Wenn jemand geht, gibt es zum Abschied stets nette Worte. Doch Trauer und Wehmut sind oft ein besseres Maß für die Bewertung des Geleisteten. Wer sich dieser Tage in Köln umhört, spürt ein tiefes Bedauern. Die Kölner lassen ihren Generalvikar Stefan Heße äußerst ungern ziehen. Bald ist er ein Hamburger – am 14. März soll er im Mariendom zum Bischof geweiht werden. Dann steht er an der Spitze des flächenmäßig größten Bistums, das aber klassische Diaspora ist. Die Katholiken sind mit knapp 400.000 Gläubigen im Norden eine kleine Minderheit, nur jeder 15. ist römisch-katholisch. Für den gebürtigen Kölner kann das ein Kulturschock werden – er kommt aus einem traditionsreichen Bistum mit einer bis in die Gegenwart reichenden Verwurzelung im Katholizismus, er kommt in ein junges Bistum im Norden, wo die Kirche nur noch eine Stimme unter vielen ist.

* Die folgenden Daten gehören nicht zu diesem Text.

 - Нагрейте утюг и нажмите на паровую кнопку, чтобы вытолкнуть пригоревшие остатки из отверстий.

Heße wird ein Zuwanderer sein, so wie die meisten Katholiken im Bistum. In den Kirchen treffen Westfalen auf Afrikaner, in den katholischen Schulen Süddeutsche auf Spanier – viele Gemeinden und Einrichtungen sind so bunt, wie es die Politik gern in ihren Sonntagsreden als Ideal beschwört. Seltsamerweise ist von der Kirche da nur selten die Rede. In Hamburg regiert oft eine selektive Wahrnehmung. Man weiß um die Eskapaden des ehemaligen Limburger Bischofs Tebartzvan Elst, man weiß von den unsäglichen Missbrauchsskandalen, man schüttelt den Kopf über kirchliche Strukturen. Das, was Kirche leistet, übersieht man hingegen gern.

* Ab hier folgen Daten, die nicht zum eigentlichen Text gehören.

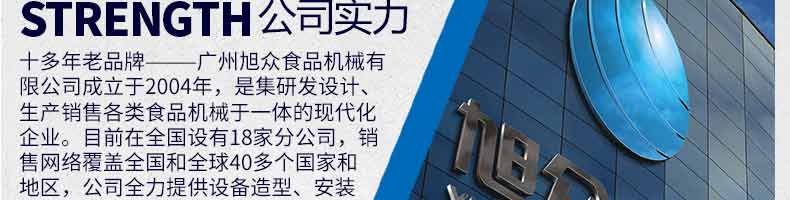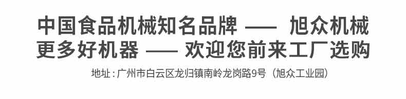 廣州旭眾食品機(jī)械有限公司是一家集科研開(kāi)發(fā),生產(chǎn)設(shè)計(jì),營(yíng)銷服務(wù)為一體的現(xiàn)代化生產(chǎn)企業(yè)?,F(xiàn)代化生產(chǎn)車間,精湛制造技術(shù),所產(chǎn)機(jī)械歷經(jīng)市場(chǎng)重重考驗(yàn),不斷贏得海內(nèi)外客戶的贊譽(yù)。

Gegen diesen schrägen Eindruck haben die Hamburger Bischöfe stets tapfer gekämpft, oft auf verlorenem Posten. Seitdem aber der Reformer Franziskus Papst ist, bewegt sich etwas in Kirche und Gesellschaft. Alte Vorurteile werden erschüttert, Zerrbilder geradegerückt, Ressentiments überwunden. Für ein neues Erscheinungsbild der katholischen Kirche in der Medienstadt Hamburg könnte Heße genau der Richtige sein: Er wird der jüngste Bischof des Landes sein, er gilt als offen und mediengewandt. Zugleich geht der Bäckersohn seine neue Aufgabe demütig an: Die Ernennung habe ihn überrascht und „innerlich sehr aufgewühlt“, sagt er. Hamburg kenne er nur aus dem Urlaub. Das muss kein Nachteil sein, wenn er mit offenen Ohren und offenem Herzen in die Gespräche mit den Gläubigen geht.

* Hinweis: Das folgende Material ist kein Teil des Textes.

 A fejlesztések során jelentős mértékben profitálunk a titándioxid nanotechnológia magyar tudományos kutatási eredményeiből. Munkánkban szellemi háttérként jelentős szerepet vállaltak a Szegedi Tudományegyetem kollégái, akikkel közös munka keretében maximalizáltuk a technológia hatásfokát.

In Hamburgs Gemeinden herrscht allem Aufbruchsgeist zum Trotz, den der Papst auslöst, viel Unsicherheit, Unruhe und Verzagtheit. Die Kirche befindet sich wie überall auf dem Rückzug – seit 1995 wurden im Erzbistum 36 Kirchen geschlossen. Der Mangel an Geistlichen schlägt überall durch. Sogenannte pastorale Räume sollen den Pfarrer vor Ort ersetzen. So wünschenswert die stärkere Beteiligung von Laien in der Kirche ist, einen hauptamtlichen Seelsorger vermögen sie nicht zu ersetzen. Gemeinden vor Ort leben nicht nur von vielen engagierten Ehrenamtlichen, sondern eben auch von überzeugten und überzeugenden Geistlichen. Lebendige Gemeinden, das wird Heße auf seinen Reisen durchs Bistum feststellen, brauchen eine Basis wie einen Kopf.

Das Nachwuchsproblem der katholischen Kirche kann Heße nicht lösen – aber er wird Impulse geben können, Kirche wieder lebendiger und lebensnaher zu machen, dem Glauben und der Ökumene eine lautere Stimme zu verleihen. Hamburg, wo Christen nur noch eine Minderheit stellen, ist Zukunftsland und Experimentierfeld für die Kirche in einer Republik, in der das Christentum schwindet. Der Papst traut Heße dieses schwierige Bistum zu – ein enormer Vertrauensvorschuss. Wer es hier schafft, kann es überall schaffen. Für Hamburg und seinen jungen Bischof sind das vielversprechende Perspektiven.